Start of INFORMATION SHOWN

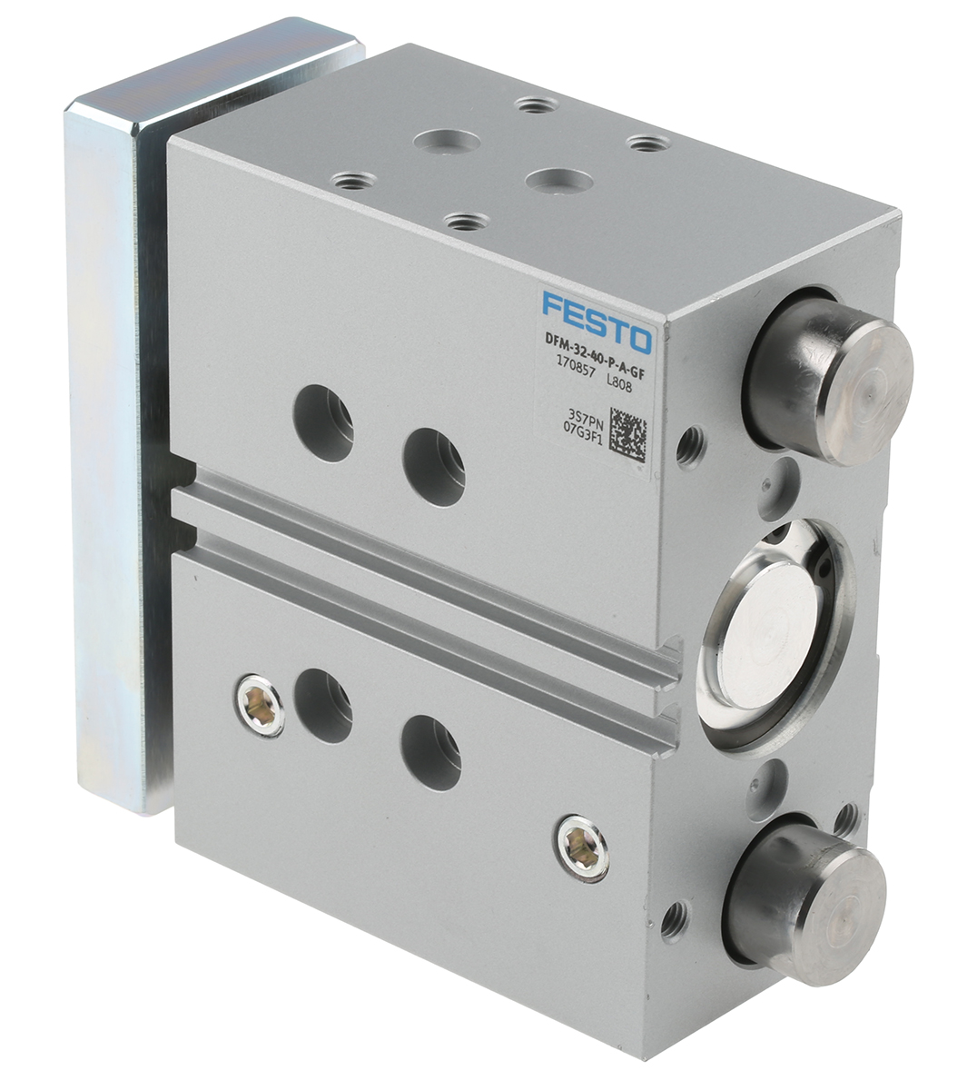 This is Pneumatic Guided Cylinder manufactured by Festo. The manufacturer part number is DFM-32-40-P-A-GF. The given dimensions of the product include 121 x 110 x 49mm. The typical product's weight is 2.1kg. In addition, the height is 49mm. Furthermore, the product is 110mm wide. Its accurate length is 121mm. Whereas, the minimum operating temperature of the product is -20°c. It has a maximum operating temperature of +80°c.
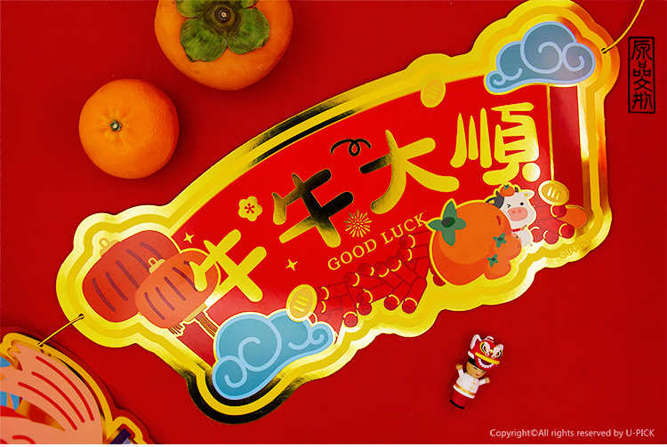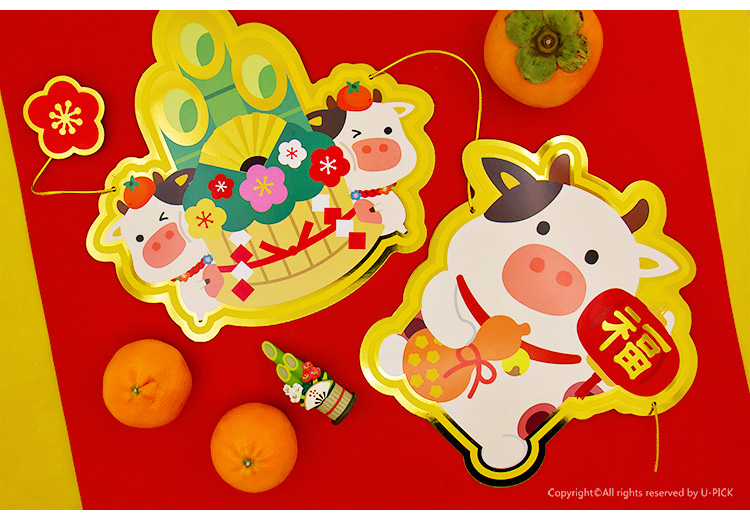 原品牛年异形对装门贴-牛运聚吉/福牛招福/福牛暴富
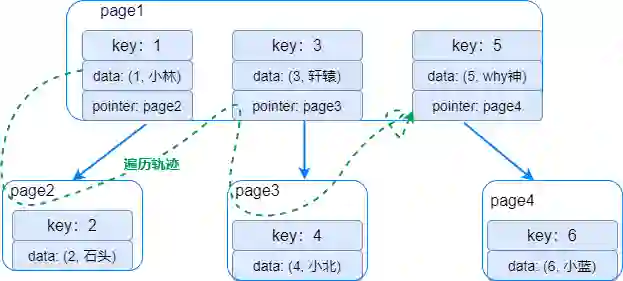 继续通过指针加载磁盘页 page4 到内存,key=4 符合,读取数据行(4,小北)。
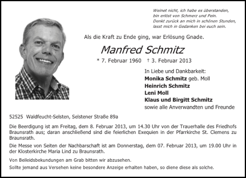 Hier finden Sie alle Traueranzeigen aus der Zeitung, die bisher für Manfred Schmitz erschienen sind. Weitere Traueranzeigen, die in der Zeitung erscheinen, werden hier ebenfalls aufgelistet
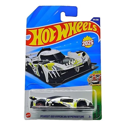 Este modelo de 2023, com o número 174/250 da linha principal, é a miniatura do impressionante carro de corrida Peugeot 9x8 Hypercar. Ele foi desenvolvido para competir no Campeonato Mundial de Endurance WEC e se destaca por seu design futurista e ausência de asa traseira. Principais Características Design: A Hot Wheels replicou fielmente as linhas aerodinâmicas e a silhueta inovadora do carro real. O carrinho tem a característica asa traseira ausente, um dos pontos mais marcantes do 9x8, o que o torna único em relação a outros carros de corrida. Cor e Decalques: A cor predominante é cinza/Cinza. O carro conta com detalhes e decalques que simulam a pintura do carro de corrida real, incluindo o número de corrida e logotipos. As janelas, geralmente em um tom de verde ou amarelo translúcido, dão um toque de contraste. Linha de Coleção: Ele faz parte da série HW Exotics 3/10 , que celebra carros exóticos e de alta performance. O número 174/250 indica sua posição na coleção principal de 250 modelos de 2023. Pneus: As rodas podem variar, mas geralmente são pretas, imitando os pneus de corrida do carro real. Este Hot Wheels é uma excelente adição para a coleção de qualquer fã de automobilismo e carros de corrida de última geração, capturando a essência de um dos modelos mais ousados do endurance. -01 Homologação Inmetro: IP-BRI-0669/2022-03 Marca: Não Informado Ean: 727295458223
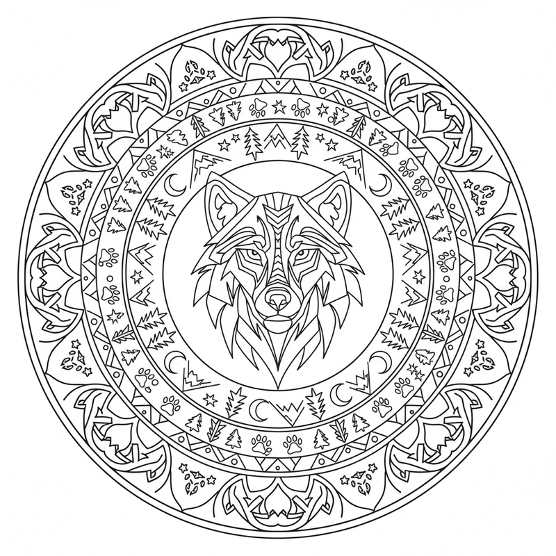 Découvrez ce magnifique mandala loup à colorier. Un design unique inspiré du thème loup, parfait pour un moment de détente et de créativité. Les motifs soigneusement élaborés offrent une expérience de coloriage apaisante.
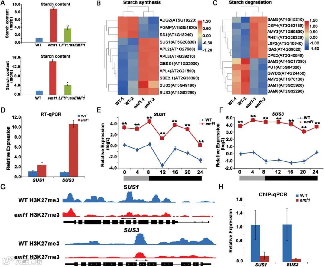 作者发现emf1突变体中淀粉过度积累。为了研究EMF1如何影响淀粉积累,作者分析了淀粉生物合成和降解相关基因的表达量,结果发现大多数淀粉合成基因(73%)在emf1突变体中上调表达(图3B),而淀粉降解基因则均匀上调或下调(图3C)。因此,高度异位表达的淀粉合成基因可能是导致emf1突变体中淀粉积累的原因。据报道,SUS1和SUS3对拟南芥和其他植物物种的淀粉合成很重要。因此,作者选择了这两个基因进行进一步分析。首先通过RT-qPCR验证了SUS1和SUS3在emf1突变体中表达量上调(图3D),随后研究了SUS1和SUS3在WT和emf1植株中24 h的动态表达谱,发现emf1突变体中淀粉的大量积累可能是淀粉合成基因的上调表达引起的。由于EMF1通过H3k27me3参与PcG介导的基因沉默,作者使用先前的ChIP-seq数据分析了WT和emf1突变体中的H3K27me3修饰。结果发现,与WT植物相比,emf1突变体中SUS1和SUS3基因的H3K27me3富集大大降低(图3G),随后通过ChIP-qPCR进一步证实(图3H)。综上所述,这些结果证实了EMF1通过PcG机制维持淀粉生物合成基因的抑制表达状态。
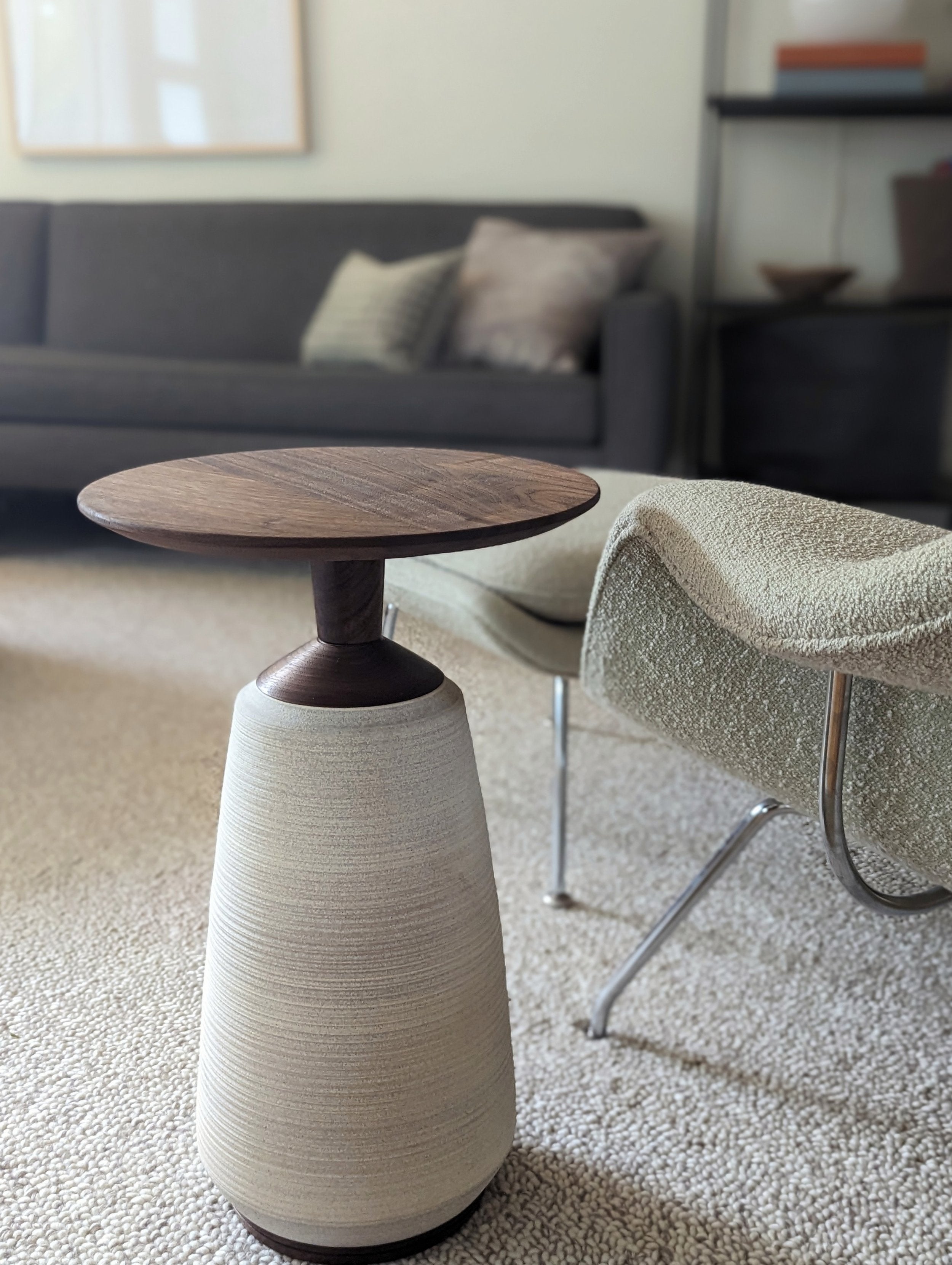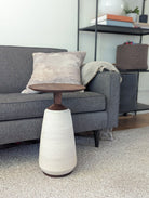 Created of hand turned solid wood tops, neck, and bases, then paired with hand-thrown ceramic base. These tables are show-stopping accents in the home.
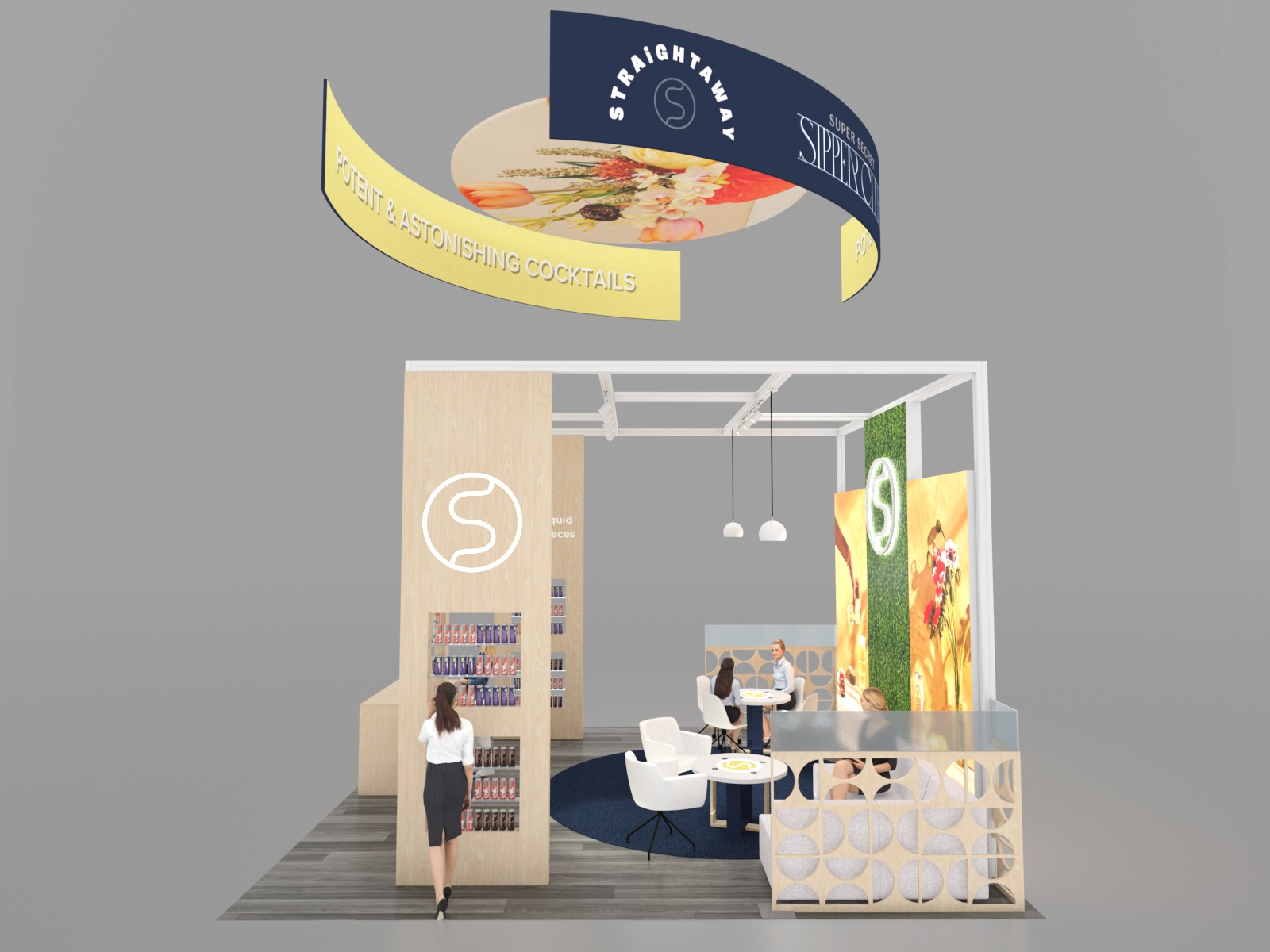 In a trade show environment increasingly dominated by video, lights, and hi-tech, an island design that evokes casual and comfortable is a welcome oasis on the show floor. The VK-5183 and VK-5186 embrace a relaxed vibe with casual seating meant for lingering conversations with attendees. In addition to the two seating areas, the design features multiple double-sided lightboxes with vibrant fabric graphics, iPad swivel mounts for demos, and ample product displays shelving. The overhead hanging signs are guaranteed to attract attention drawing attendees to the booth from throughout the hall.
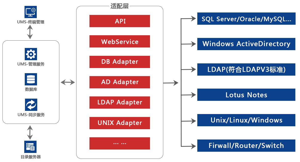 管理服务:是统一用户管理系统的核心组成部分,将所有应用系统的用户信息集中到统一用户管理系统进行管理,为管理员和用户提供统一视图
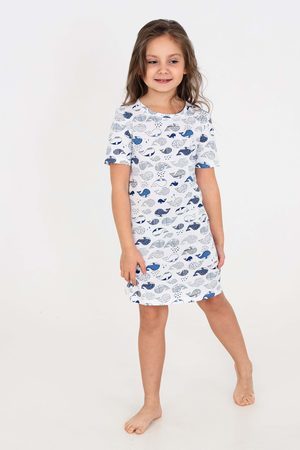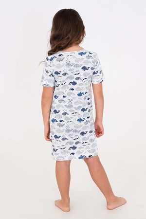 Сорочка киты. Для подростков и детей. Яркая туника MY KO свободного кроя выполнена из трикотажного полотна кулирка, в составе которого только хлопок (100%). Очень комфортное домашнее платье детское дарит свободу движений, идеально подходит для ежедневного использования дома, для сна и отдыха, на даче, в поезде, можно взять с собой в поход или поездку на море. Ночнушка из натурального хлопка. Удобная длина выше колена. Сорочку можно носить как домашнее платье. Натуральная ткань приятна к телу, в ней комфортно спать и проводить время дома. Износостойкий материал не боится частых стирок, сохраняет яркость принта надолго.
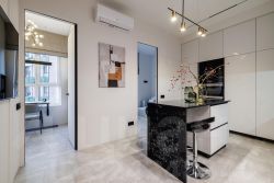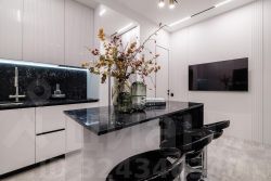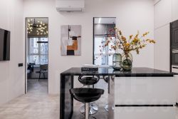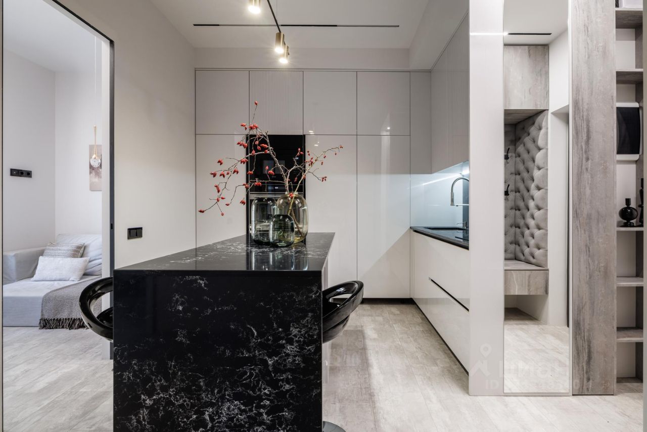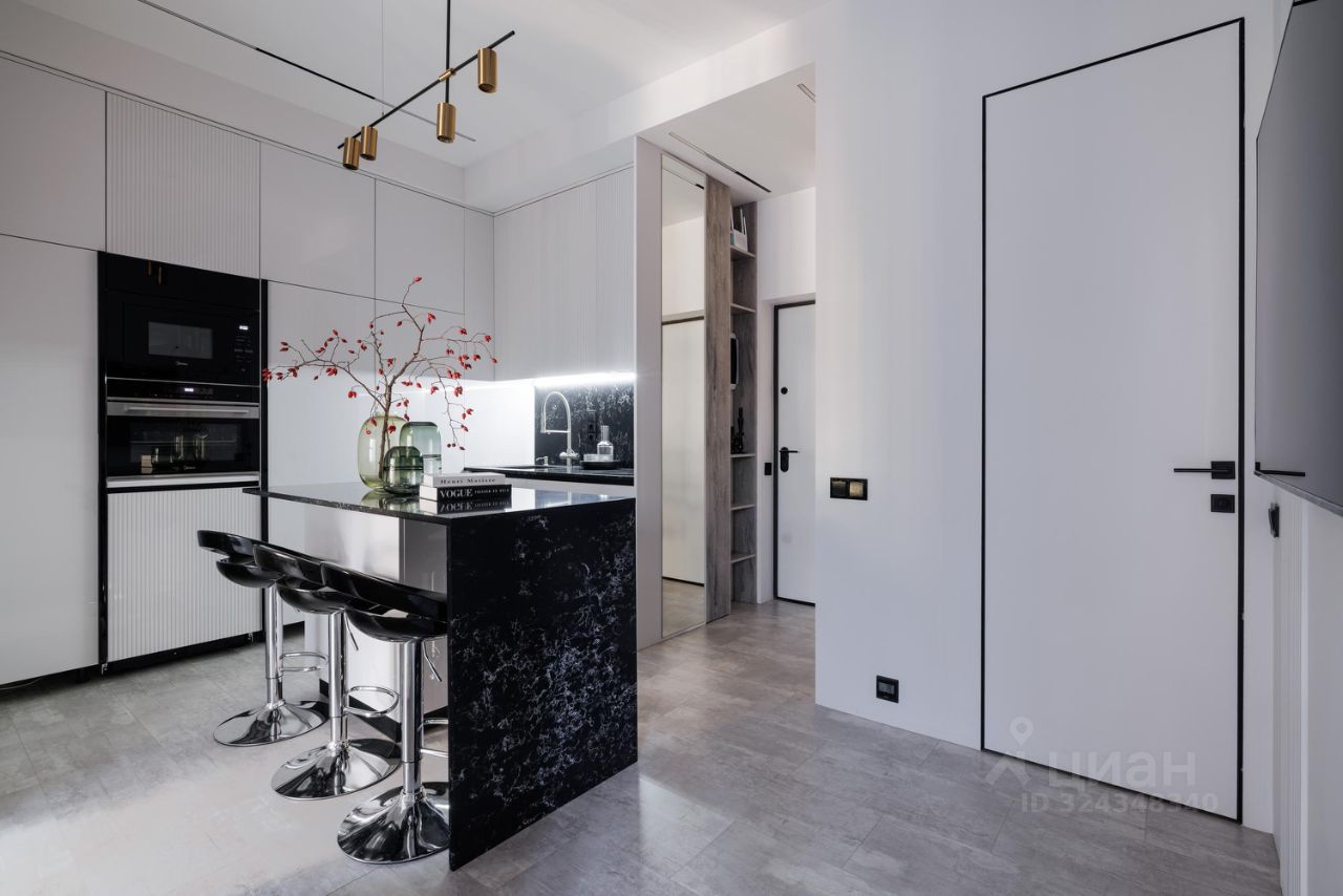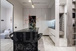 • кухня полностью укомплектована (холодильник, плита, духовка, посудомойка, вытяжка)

End of INFORMATION SHOWN

Omit the pictures; print the records above exactly.

__TASK ANSWER__.
 This is Pneumatic Guided Cylinder manufactured by Festo. The manufacturer part number is DFM-32-40-P-A-GF. The given dimensions of the product include 121 x 110 x 49mm. The typical product's weight is 2.1kg. In addition, the height is 49mm. Furthermore, the product is 110mm wide. Its accurate length is 121mm. Whereas, the minimum operating temperature of the product is -20°c. It has a maximum operating temperature of +80°c.
 原品牛年异形对装门贴-牛运聚吉/福牛招福/福牛暴富
 继续通过指针加载磁盘页 page4 到内存,key=4 符合,读取数据行(4,小北)。
 Hier finden Sie alle Traueranzeigen aus der Zeitung, die bisher für Manfred Schmitz erschienen sind. Weitere Traueranzeigen, die in der Zeitung erscheinen, werden hier ebenfalls aufgelistet
 Este modelo de 2023, com o número 174/250 da linha principal, é a miniatura do impressionante carro de corrida Peugeot 9x8 Hypercar. Ele foi desenvolvido para competir no Campeonato Mundial de Endurance WEC e se destaca por seu design futurista e ausência de asa traseira. Principais Características Design: A Hot Wheels replicou fielmente as linhas aerodinâmicas e a silhueta inovadora do carro real. O carrinho tem a característica asa traseira ausente, um dos pontos mais marcantes do 9x8, o que o torna único em relação a outros carros de corrida. Cor e Decalques: A cor predominante é cinza/Cinza. O carro conta com detalhes e decalques que simulam a pintura do carro de corrida real, incluindo o número de corrida e logotipos. As janelas, geralmente em um tom de verde ou amarelo translúcido, dão um toque de contraste. Linha de Coleção: Ele faz parte da série HW Exotics 3/10 , que celebra carros exóticos e de alta performance. O número 174/250 indica sua posição na coleção principal de 250 modelos de 2023. Pneus: As rodas podem variar, mas geralmente são pretas, imitando os pneus de corrida do carro real. Este Hot Wheels é uma excelente adição para a coleção de qualquer fã de automobilismo e carros de corrida de última geração, capturando a essência de um dos modelos mais ousados do endurance. -01 Homologação Inmetro: IP-BRI-0669/2022-03 Marca: Não Informado Ean: 727295458223
 Découvrez ce magnifique mandala loup à colorier. Un design unique inspiré du thème loup, parfait pour un moment de détente et de créativité. Les motifs soigneusement élaborés offrent une expérience de coloriage apaisante.
 作者发现emf1突变体中淀粉过度积累。为了研究EMF1如何影响淀粉积累,作者分析了淀粉生物合成和降解相关基因的表达量,结果发现大多数淀粉合成基因(73%)在emf1突变体中上调表达(图3B),而淀粉降解基因则均匀上调或下调(图3C)。因此,高度异位表达的淀粉合成基因可能是导致emf1突变体中淀粉积累的原因。据报道,SUS1和SUS3对拟南芥和其他植物物种的淀粉合成很重要。因此,作者选择了这两个基因进行进一步分析。首先通过RT-qPCR验证了SUS1和SUS3在emf1突变体中表达量上调(图3D),随后研究了SUS1和SUS3在WT和emf1植株中24 h的动态表达谱,发现emf1突变体中淀粉的大量积累可能是淀粉合成基因的上调表达引起的。由于EMF1通过H3k27me3参与PcG介导的基因沉默,作者使用先前的ChIP-seq数据分析了WT和emf1突变体中的H3K27me3修饰。结果发现,与WT植物相比,emf1突变体中SUS1和SUS3基因的H3K27me3富集大大降低(图3G),随后通过ChIP-qPCR进一步证实(图3H)。综上所述,这些结果证实了EMF1通过PcG机制维持淀粉生物合成基因的抑制表达状态。
 Created of hand turned solid wood tops, neck, and bases, then paired with hand-thrown ceramic base. These tables are show-stopping accents in the home.
 In a trade show environment increasingly dominated by video, lights, and hi-tech, an island design that evokes casual and comfortable is a welcome oasis on the show floor. The VK-5183 and VK-5186 embrace a relaxed vibe with casual seating meant for lingering conversations with attendees. In addition to the two seating areas, the design features multiple double-sided lightboxes with vibrant fabric graphics, iPad swivel mounts for demos, and ample product displays shelving. The overhead hanging signs are guaranteed to attract attention drawing attendees to the booth from throughout the hall.
 管理服务:是统一用户管理系统的核心组成部分,将所有应用系统的用户信息集中到统一用户管理系统进行管理,为管理员和用户提供统一视图
 Сорочка киты. Для подростков и детей. Яркая туника MY KO свободного кроя выполнена из трикотажного полотна кулирка, в составе которого только хлопок (100%). Очень комфортное домашнее платье детское дарит свободу движений, идеально подходит для ежедневного использования дома, для сна и отдыха, на даче, в поезде, можно взять с собой в поход или поездку на море. Ночнушка из натурального хлопка. Удобная длина выше колена. Сорочку можно носить как домашнее платье. Натуральная ткань приятна к телу, в ней комфортно спать и проводить время дома. Износостойкий материал не боится частых стирок, сохраняет яркость принта надолго.
 • кухня полностью укомплектована (холодильник, плита, духовка, посудомойка, вытяжка)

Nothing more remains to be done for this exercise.